Table of Contents

• Dataset Description
  • Methods & Sampling
  • Data Processing Description
• Data Files
• Parameters
• Instruments
• Project Information
• Funding

This dataset includes growth rates measured as biomass change of the brine shrimp Artemia that were fed a diet supplemented with a variety of phytosterols.

Statistical results of this experiment: Hassett_Sterol_stats2017-12-05.pdf

Phytosterols were synthesized by J. Giner. Rhodomonas cultures were labeled by dissolving sterols in 100% ethanol at a concentration of 2 mg/ml, and then adding the sterol solution at a concentration of 20 µl sterol solution per 100 ml stock culture (at stock density 1x106 cells/liter). The cultures were mixed on a LabGenius orbital shaker for 2 hr at 100 rpm to allow the sterols to bind to the algal surfaces. In vivo chlorophyll a was monitored with a Turner handheld fluorometer to ensure that all food was consumed before the subsequent feeding. This avoided the problem of algal growth diluting the phytosterol concentration over time.
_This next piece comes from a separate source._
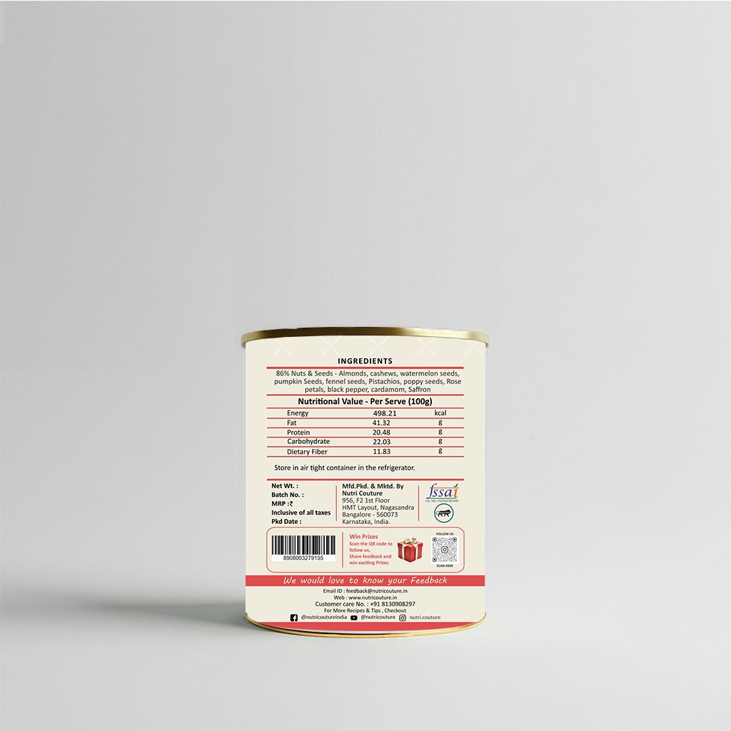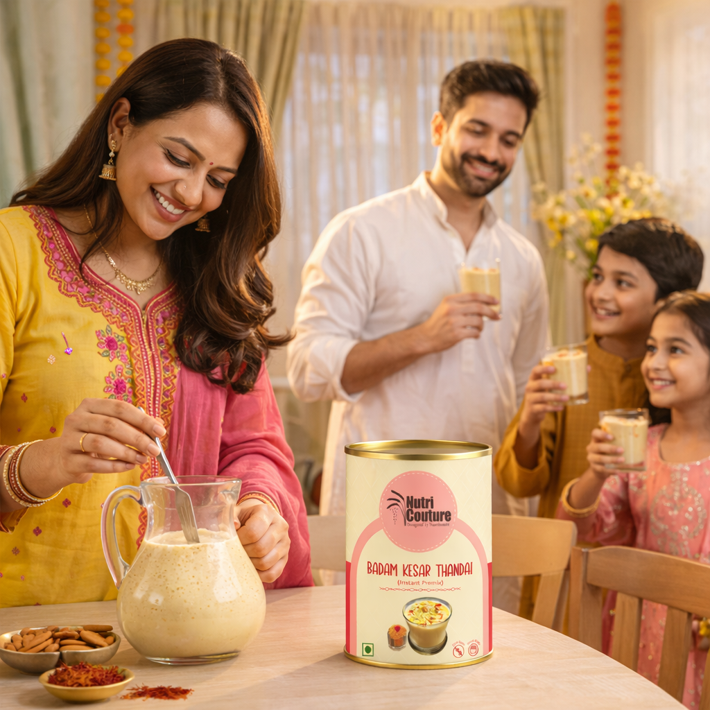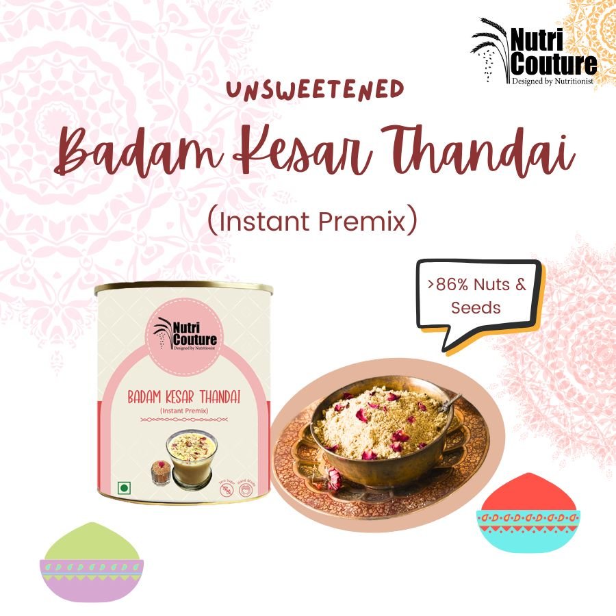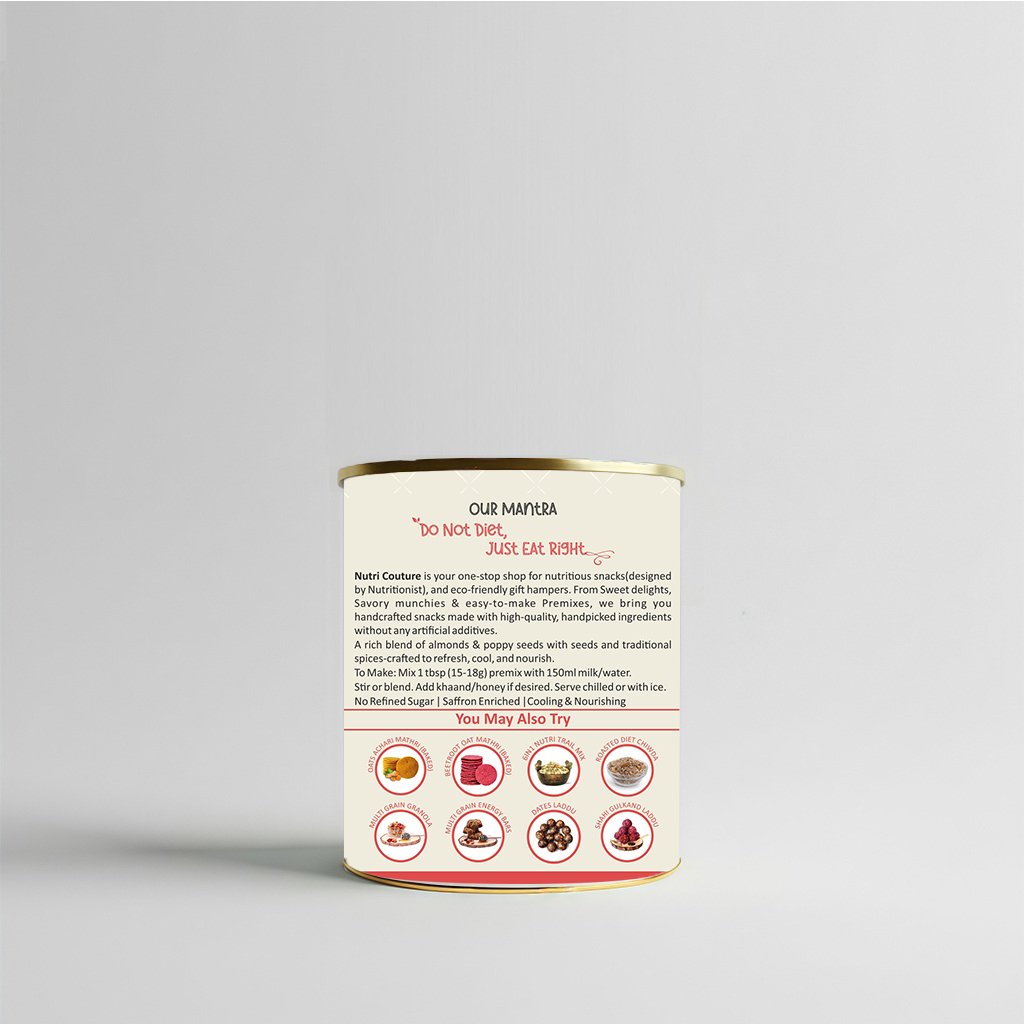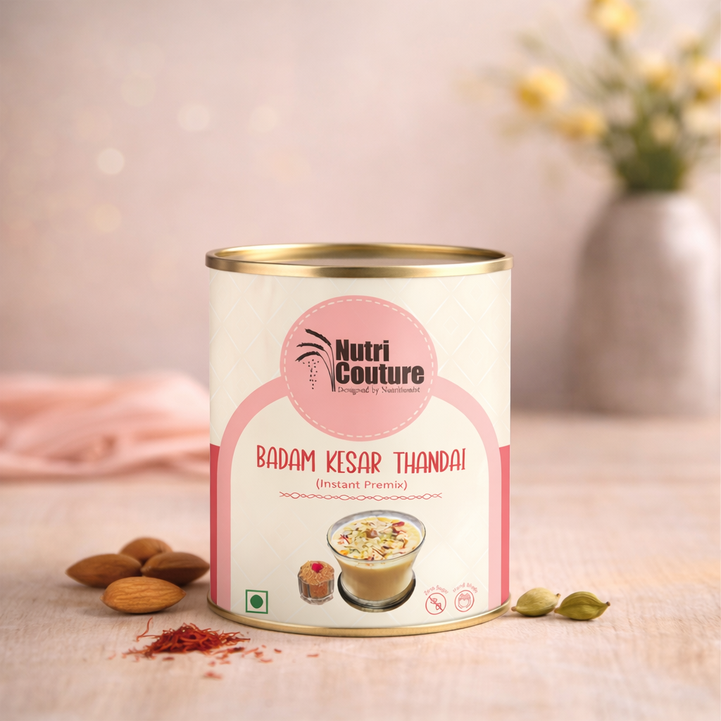 At Nutri Couture, we believe that every sip should nourish the body while honoring tradition. Our Badam Kesar Thandai is a thoughtfully crafted blend inspired by age-old Indian recipes, designed to bring together celebration, wellness, and purity in one glass. Made with an exceptional 86% premium nuts and seeds, this thandai offers a naturally rich, creamy texture and deep, authentic flavor without relying on artificial additives or sugary syrups. Infused with almonds, cashews, watermelon seeds, pumpkin seeds, pistachios, and poppy seeds, and delicately balanced with fennel, rose petals, black pepper, cardamom, and pure saffron, this blend delivers both indulgence and nourishment. Each ingredient is chosen not just for taste, but for its functional benefits — supporting digestion, sustained energy, and natural cooling during warmer months. Unlike commercial thandai concentrates loaded with refined sugar and synthetic flavors, Nutri Couture’s blend is completely clean and mindful. #NoRefined sugar, #NoPreservatives, We believe in ingredient integrity , What you get is pure, wholesome nutrition rooted in tradition and backed by conscious formulation. Whether enjoyed during Holi celebrations, served to guests as a festive welcome drink, or included in your daily summer routine, this Badam Kesar Thandai transforms an ordinary glass of milk into a royal, nourishing experience. It can also be blended into smoothies, plant-based milk, or festive desserts for a rich, aromatic twist. This is not just a drink mix — it is a celebration of heritage, health, and honest ingredients.
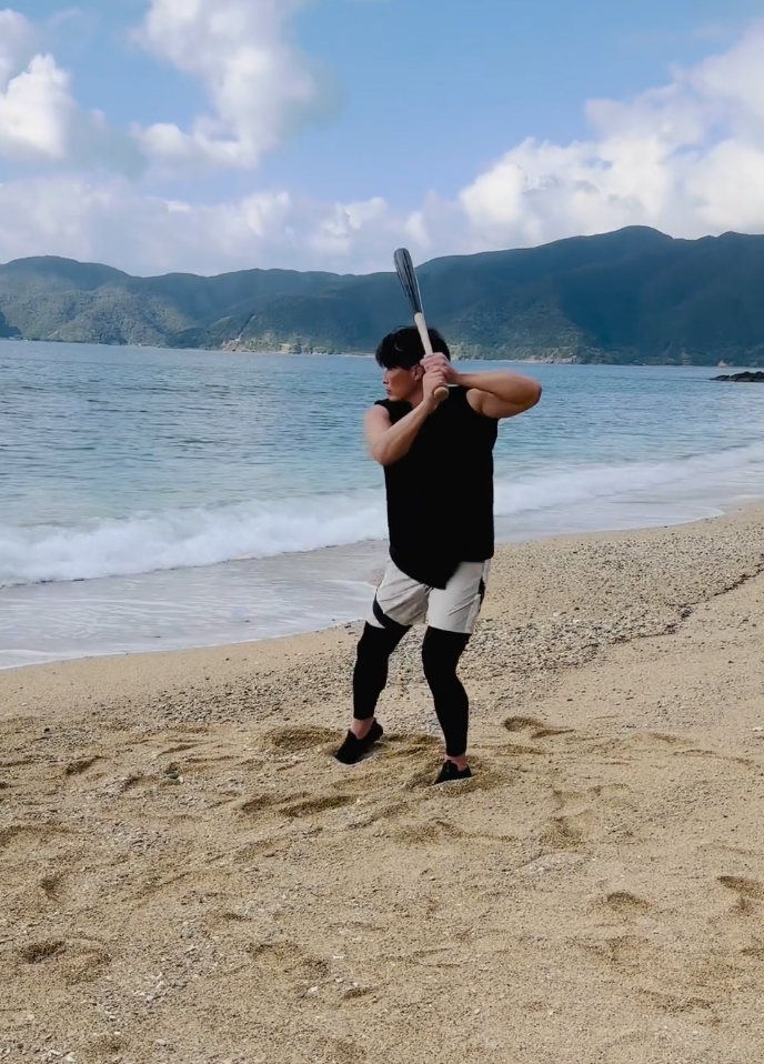 動画には、無人島の砂浜と船の上でバットを振る様子が収められている。

Artemia were hatched in an aerated 2L beaker and the nauplii distributed to 4L beakers containing seawater at 32 ppt. Animals were fed daily with Rhodomonas supplemented with phytosterols at 50,000 cells/ml in 3 replicate, aerated containers for 8 days. In vivo fluorescence was measured with a Turner handheld fluorometer to ensure that the Rhodomonas was consumed between feedings. At the end of the experiment the containers were drained, cleaned of debris, and the number of individuals counted. Samples were then strained on 75µm Nitex and transferred to a preweighed 2.5 cm glass-fiber filter. Filters were dried in a 60 degree C oven overnight and weighed on a Mettler analytical balance. A total of 4 experiments were conducted with Artemia, using 3 replicate treatments of 6 phytosterols, except the last experiment when 5 phytosterols were tested. In the first 3 experiments supplementation was begun 2 days after hatching, while in the fourth experiment supplementation was delayed 2 additional days so that animals began supplementation at a larger size. Results were expressed as both average dry weight per individual and total biomass (mg dry wt) per tank.

BCO-DMO Processing Notes:
- added conventional header with dataset name, PI name, version date
- modified parameter names to conform with BCO-DMO naming conventions
- filled in the empty cells in expt, sterol_id and sterol_name columns with the data from the preceding cell.
- replaced special characters with ascii characters
- replaced spaces with underscores

Description from NSF award abstract:
Autotroph-herbivore interactions in marine food webs are important to fisheries, the global carbon cycle, and, because of harmful algal blooms, human health. The recent hypothesis that harmful algae interfere with the growth and reproduction of zooplankton because of specific structural modifications of the algal sterols will be tested in research on the roles of nutritional factors in planktonic food webs. The effects of marine algal sterols on herbivorous crustaceans will be investigated in three calanoid copepods, Acartia hudsonica, Eurytemora affinis, and Calanus finmarchicus, and brine shrimp, Artemia salina. In this project, studies will be carried out to determine whether marine algal sterols can be metabolized to cholesterol by zooplankton and the relative efficiency of this process. This information is critical for assessing the nutritional value of different algal diets. Using the metabolic studies as a foundation, further experiments will seek to determine whether selected sterols, some of which have structural similarities to steroid hormones, have an inhibitory impact on the growth and reproduction of crustaceans. The analytical techniques used in these experiments will be high-field 13C-nuclear magnetic resonance spectrometry (NMR) and gas chromatography-high resolution mass spectrometry (GC-HRMS). Test sterols for these experiments will be labeled with stable isotopes (13C and 2H) in specific positions by chemical synthesis.